The butchers appealed to the Supreme Court of the United States, where their attorney argued that the city’s decision to franchise a centralized slaughterhouse was both unreasonable and obstructive because it “compelled”
butchers to shutter their own shops. In doing so, the city had violated the butchers’ rights in favor of the Crescent City Live Stock Landing and Slaughter House Company. The judges disagreed. Nothing in the Louisiana law, they wrote in their 1873 ruling, “deprive[d] the butchers of their right to exercise their trade.” The law merely mandated the location where that slaughtering could occur. The Louisiana statute neither violated butchers’ rights nor constituted “deprivation of property.” In practical terms, the court ruled that the public’s health and welfare trumped private property and “natural” rights.

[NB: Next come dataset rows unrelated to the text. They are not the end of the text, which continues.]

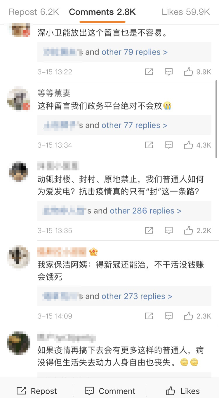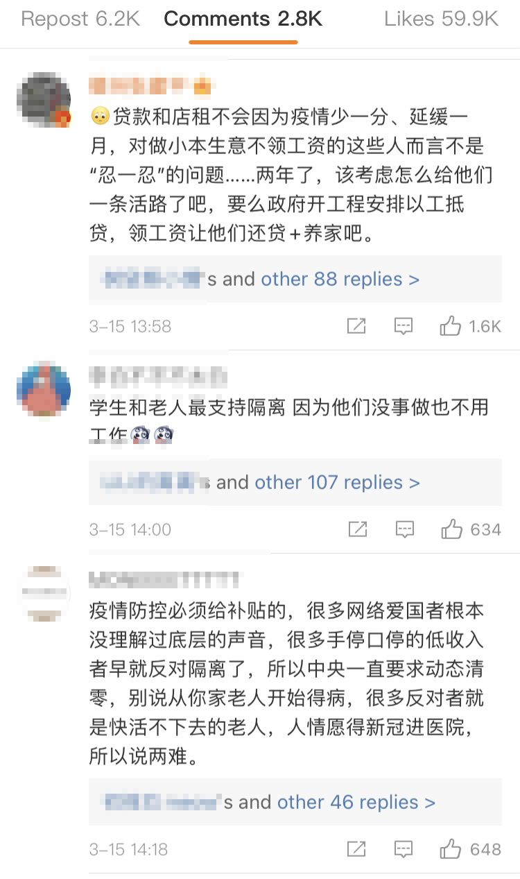 看了下網友們的評論,有人説“如果疫情再搞下去會有更多這樣的普通人,病沒得但生活失去動力人身自由也喪失”。
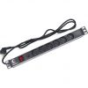 Блок евророзеток для 19" шкафов, горизонтальный, 6 розеток, фильтр, 16 A, выключатель, шнур 2м, алюминиевый корпус, немецкий стандарт
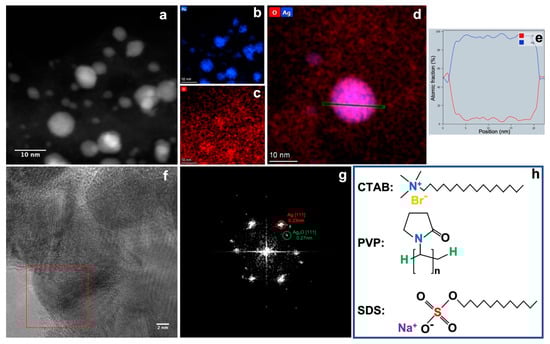 STEM image of Ag nanoparticles prepared with CTAB (a) and its EDS mappings of elements Ag (b) and O (c). EDS mapping of an individual Ag nanoparticle (d) shows the line profile (e) of the atomic fraction of Ag and O of the area marked in green in (d). HRTEM of Ag nanoparticles prepared with CTAB (f) and the FFT pattern of the nanoparticle boxed in red showing the presence of both Ag and Ag2O (g,h) illustrates the chemical structures of the three kinds of surfactant.
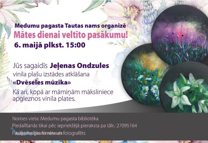 6. maijā plkst. 15:00 sadarbība ar Salienas Tautas namu, Medumu bibliotēkā notiks pasākums veltīts mātes dienai. Atklāsim mākslinieces Jelenas Ondzules vinila plašu izstāde “Dvēseles mūzika” (izstādē būs apskatāma no 06.05. līdz 31.05.) Pēc atklāšanas, brīvā noskaņā māksliniece kopā ar māmiņām apgleznos vinila plates, klausoties veco patifonu. Piedalīties varēs tikai pēc iepriekšējā pieraksta pa tālr.: 27095164.

Butchers weren’t the only ones who resisted the new slaughterhouses. In 1874, the managers of the New York Central Railroad, owned by the Vanderbilts, announced plans to build a massive stockyard and abattoir in New York City at West 59th Street, not far from where the Plaza Hotel now stands. City leaders supported the project because the single big meat factory would eliminate the need for many small ones, but property owners living nearby wanted none of it. At the time, the neighborhood marked the northern edge of municipal development and was home to wealthy families who had moved there precisely because it lay far from the factories, butcher shops, and open-air markets that rendered much of Manhattan an intolerable nuisance. A bitter struggle ensued. The editors of the
New York Times
, who sided with the neighbors, pronounced the project an “outrage,”
the work of “a grasping monopoly.” Another man argued that the enterprise was “dangerous”
because the ensuing slaughter would “impregnate the air of the surrounding neighborhood with noxious vapors.” How could it be otherwise, he asked, given that this one facility would be conducting the “work of about one hundred ordinary-size slaughter-houses”? Another opponent pointed out that even after the city had passed an ordinance requiring butchers to move out of congested areas, fifty-three of them had defied the order. If city leaders could not rein in those “comparatively poor
and uninfluential” men, how could they expect to “control this immense corporation”? The arguments were to no avail. The Vanderbilts won, although no one could decide whether to credit that to the project’s public health merits or the wads of cash that Vanderbilt agents allegedly stuffed in the pockets of state legislators.